PDF analysis tools - fredzannarbor/pagekicker-community GitHub Wiki

PageKicker includes several tools for extended analysis of PDF documents and collections of documents.

montageur.sh

montageur is a preliminary effort at creating a visual "gist" of a PDF document. The program extracts all the images from a PDF, discards very small ones under a 1000-byte-size threshold (these are usually typographic elements such as bullets and dingbats), then a) creates a poster-size montage of all images and b) a smaller graphic containing the top "n" images by descending image size, which is a crude (but actually pretty effective) proxy for relevance.
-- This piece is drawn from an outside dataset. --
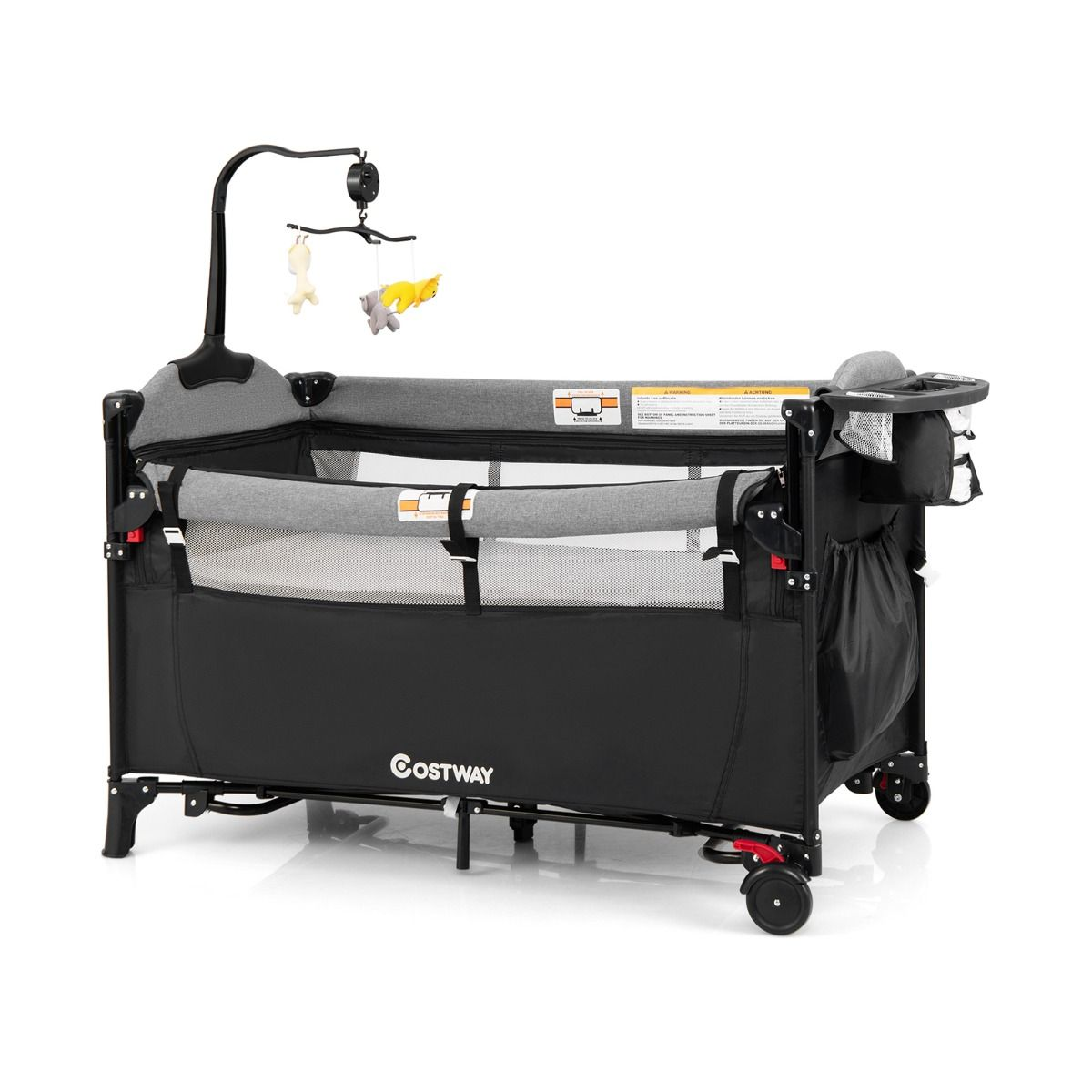 This 5-in-1 baby bassinet with a removable mattress, a diaper table and a zippered door meets all your baby's needs, from sleep, diaper changes to play. It is suitable for a baby aged 0-3 years. The bedside sleeper mode with a 4-level height adjustable side armrest makes it fit most adult beds, keeping your baby at an arm's reach for easy feeding throughout the night. The cradle mode is helpful to lull the baby into a peaceful sleep. Moreover, the side storage basket, which can be mounted in different places on the crib rails based on your need, keeps everything organized. The lockable wheels make it easy to move around. In addition, this baby bassinet is ideal for travel with the foldable design and a convenient carry bag. Please note: the rocking bar must be removed first before folding the bed.

Location: scripts/bin/montageur.sh

Requires: pdfimages, fdupes, pdftk, imagemagick

Syntax:

montageur.sh --pdfinfile --maximages --outfile --montageurdir --tmpdir --environment --tmpdir --passuuid

pdfinfile must be supplied explicitly, all others have reasonable defaults

outputs:

  • all unique jpegs from PDF plus a zip of same are found in montageurdir
  • montage.jpg
  • montagetopn.jpg

decimator.sh

Decimator is a script that runs against any PDF (lengthy ones are assumed) and creates a 10-slide presentation-style deck with a mix of images and text. The goal is to reduce any PDF, however lengthy and technical, to a simple deck that can be paged through in 5 minutes or less. This is very rough, primarily because I have not solved the issues involved in generating pretty output slides. I tried using LaTex but its defaults are heavily tilted towards portrait with wide margins, which is pretty much the opposite of what's needed here. We could do the text in imagemagick but that requires a lot of time-consuming tweaking that I have not yet been able to prioritize.
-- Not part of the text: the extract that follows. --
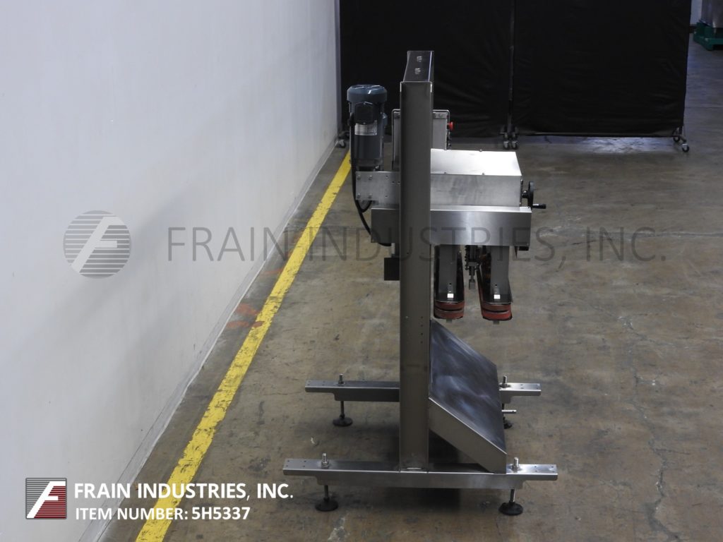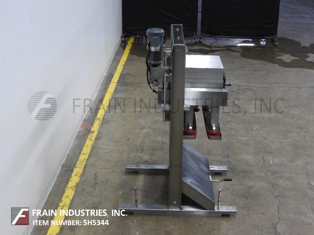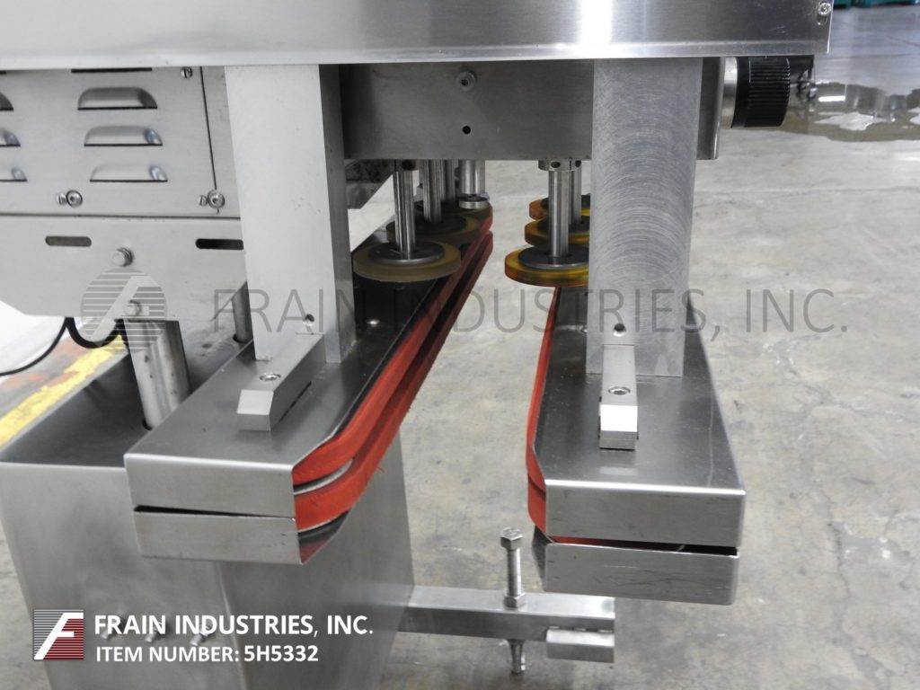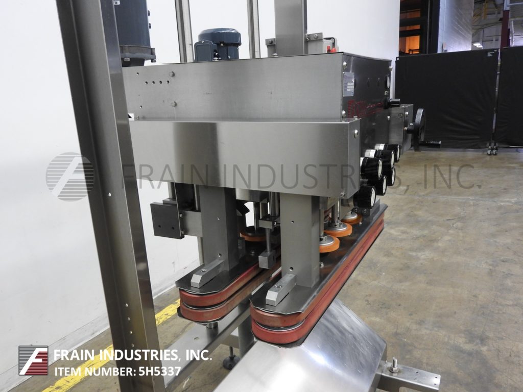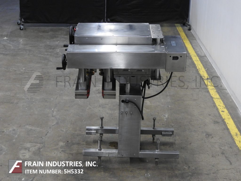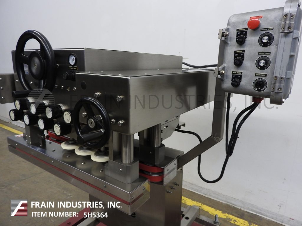吻,型号VCT-04,半自动,不锈钢2台,4主轴封盖机。盖尺寸范围:10毫米110mm时。配备有32" 长×1" 宽单容器抓持带和2台(4主轴)帽拉紧。与/主轴和夹持器带断开关和速度控制装置拨号控制面板。安装在不锈钢底盘,支撑垫。速度依赖于材料,应用和设备配置。

Decimator accepts either local PDF files or an URL to a PDF file as input.

Location: scripts/bin/decimator.sh

Requires: imagemagick, pdftk, pdftotext, ebook-convert, Cmdflesh.jar

Syntax:

--decimator.sh --pdfinfile --pdfurl --reporttitle --tldr --outdir --passuuid

Either pdfinfile or pdfurl is required.

tldr is a user-provided nutshell summary of the PDF that appears on a slide by itself.